Drug release metadynamics simulations with natural micro- and nanostructured excipients

Development of new drug delivery systems for drugs as relevant as praziquantel (for schistosomiasis disease), without increasing the final cost of the treatment, are current challenges of the pharmaceutical industry to contribute to global health. The use of efficient and novel methodologies or techniques based on computational chemistry able to predict the release kinetics of the drugs in low-cost natural inorganic carriers, like clay minerals, could be of great help to improve the biopharmaceutical profile of the drugs. This would mean a huge saving in the costs of the investigation, allowing a fast screening of the performance of a great number of drug-clay systems and reducing the time with respect to in vitro experimental tests. Therefore, our goal in this project was to apply the state-of-the-art methodologies (enhanced sampling methods) to establish a solid and accurate enough computational strategy for drug release simulations from clays and apply it to the systems of relevance according to the World Health Organization. With the work carried out in this project, we have developed a viable computational strategy using as a model praziquantel and montmorillonite clay as drug and excipient, respectively, that can be applied in other drug release simulations. By applying this strategy, we obtain the drug release time, rate, and diffusion coefficient, as well as the mechanism of the drug release from the excipient. These studies open a new field of research aimed at improving the design and development of new drugs in a faster and more efficient way.

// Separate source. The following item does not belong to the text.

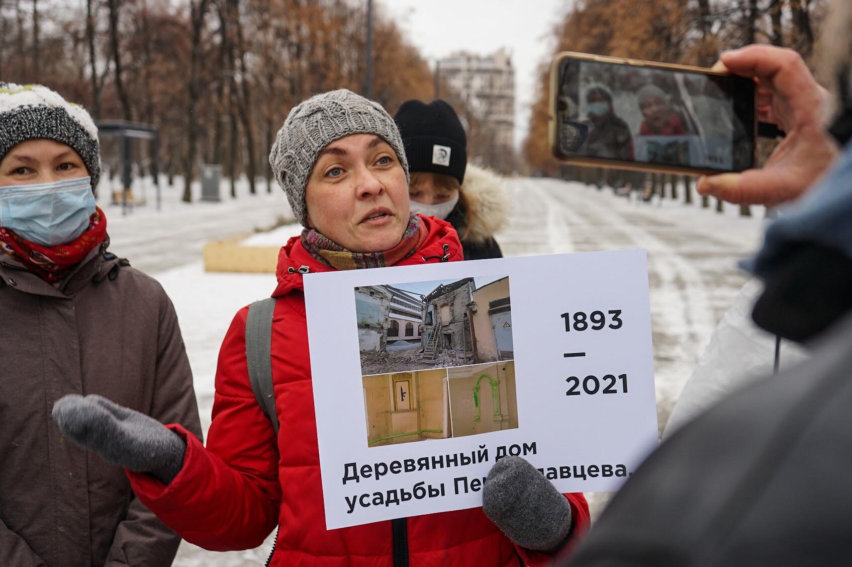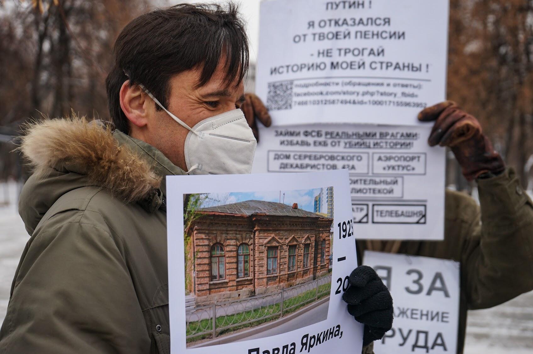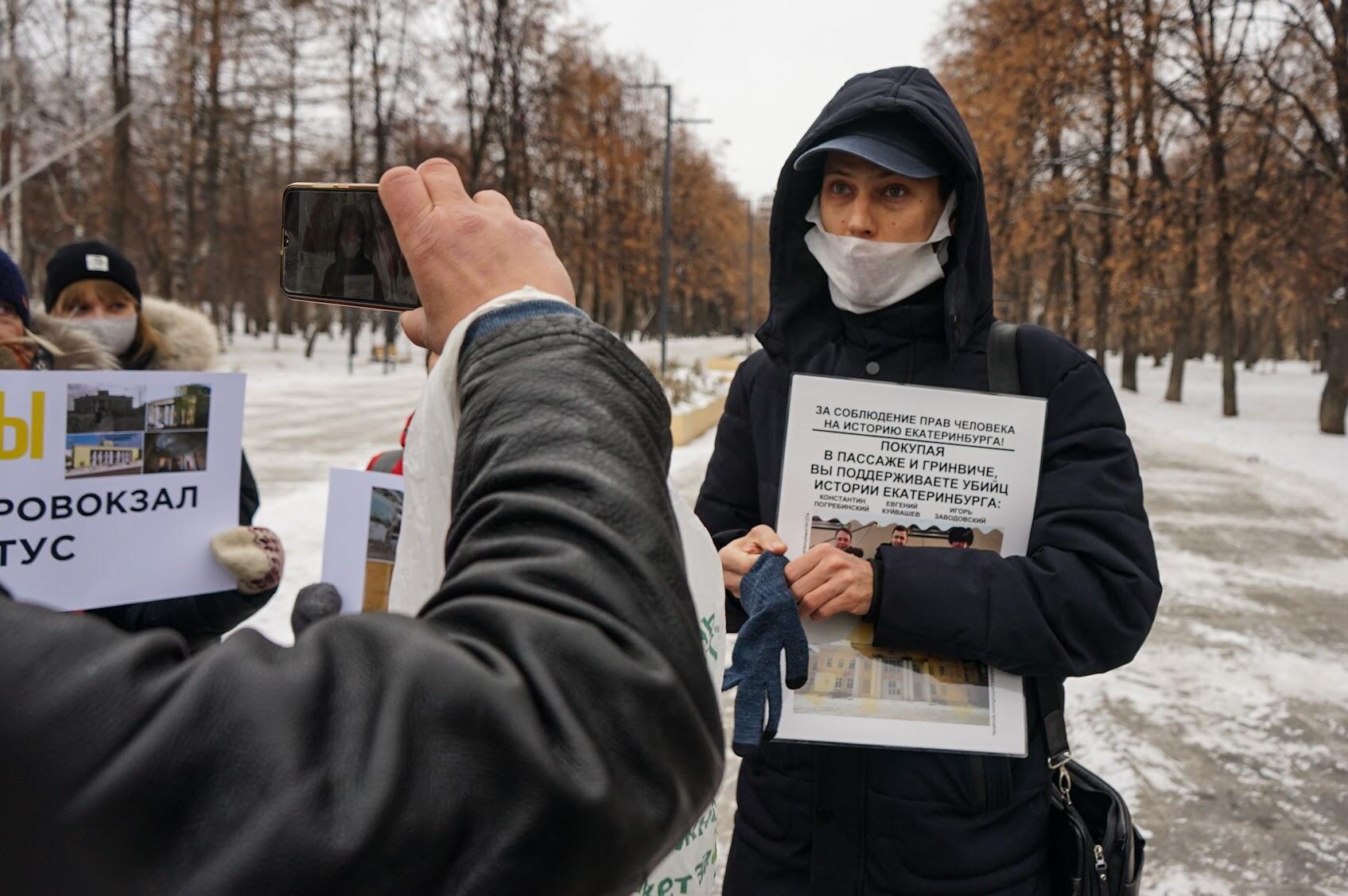 Около 20 жителей Екатеринбурга вышли на акцию протеста против сноса исторических зданий города. В руках они держали плакаты с фотографиями объектов, которые уже исчезли или находятся под угрозой исчезновения.

Work carried out in the METADRUG project was organized in 6 Work Packages that included several tasks. Work Package 1 aimed at managing and coordinating the action. Work Package 2 sought the training and career development of the researcher. Work Package 3 established a computational strategy for drug delivery simulations. The praziquantel-montmorillonite system, with previous experimentally determined drug release kinetics, was used to develop the computational strategy and evaluate and optimize its accuracy. Subsequently, Work Package 4 implemented the computational strategy developed in the previous work package. We automatized as much as possible all the computational steps required for the simulations building up a computational strategy which shall be useful for future studies in the field. Work Package 5 succeeded in applying the established strategy to unknown systems. We also applied the computational approach to drug-clay systems with unknown release kinetics and with potential applications for the treatment of other relevant diseases. For this, we studied the desorption of fluoxetine and mirtazapine (antidepressant drugs) from montmorillonite clay. We also investigated the praziquantel release from halloysite (nanotubular clay). The diffusion coefficients and unbinding kinetics of these drugs from distinct clays as natural excipients were obtained to determine and predict how the drug release profile will be in the human organism after its administration. Lastly, Work Package 6 focused on dissemination/exploitation and communication/outreach activities. In this Work Package, oral communications were given at prestigious conferences and meetings to show the findings and conclusions obtained (scientific meeting in Germany in 2021, XV Congress SEFIG in 2021 in Spain, 12th WATOC in 2022 in Canada, 8th Galenus International Workshop in 2022 in Spain, and scientific meeting in Spain in 2022). Moreover, a manuscript was published in an international journal of recognized prestige and open access in compliance with H2020 policy (https://doi.org/10.3390/pharmaceutics14122586). Other two manuscripts are in preparation. The social networks of the researcher were updated to disseminate the results to the scientific and general public (https://twitter.com/AnaBorregoSan and https://www.researchgate.net/profile/Ana-Borrego-Sanchez). The researcher is currently Guest Editor of a Special Issue entitled "Inorganic Biomaterials for Drug Delivery”.

The project's impact is related to the development of new drugs, specifically, in the design drug–excipient complexes that can lead to optimal drug release kinetics. Computational chemistry and specifically enhanced sampling molecular dynamics methods can play a key role in this context, by minimizing the need for expensive experiments and reducing cost and time. With this project, we showed that recent advances in enhanced sampling methodologies can be brought to fruition in this area. We demonstrated the potential of these methodologies by simulating the drug release kinetics of the complex praziquantel–montmorillonite in water. Praziquantel finds promising applications in the treatment of schistosomiasis, but its biopharmaceutical profile needs to be improved, and a cheap material such as montmorillonite clay would be a very convenient excipient. We simulated the drug release both from the surface and interlayer space and found that the diffusion of the praziquantel inside the interlayer space is the process that limits the rate of drug release. This suggests several strategies to modulate the release time. For instance, one could search for ways of controlling the penetration length inside the clay. Attempts could also be made at regulating the interlayer distance, by means of appropriate spacers, or by using other clays with different interlayer spacing. The application of the developed strategy has been applied to other systems (praziquantel-halloysite, fluoxetine-montmorillonite, and mirtazapine-montmorillonite). The last studies with fluoxetine and mirtazapine shall contribute to improve the treatment of depression.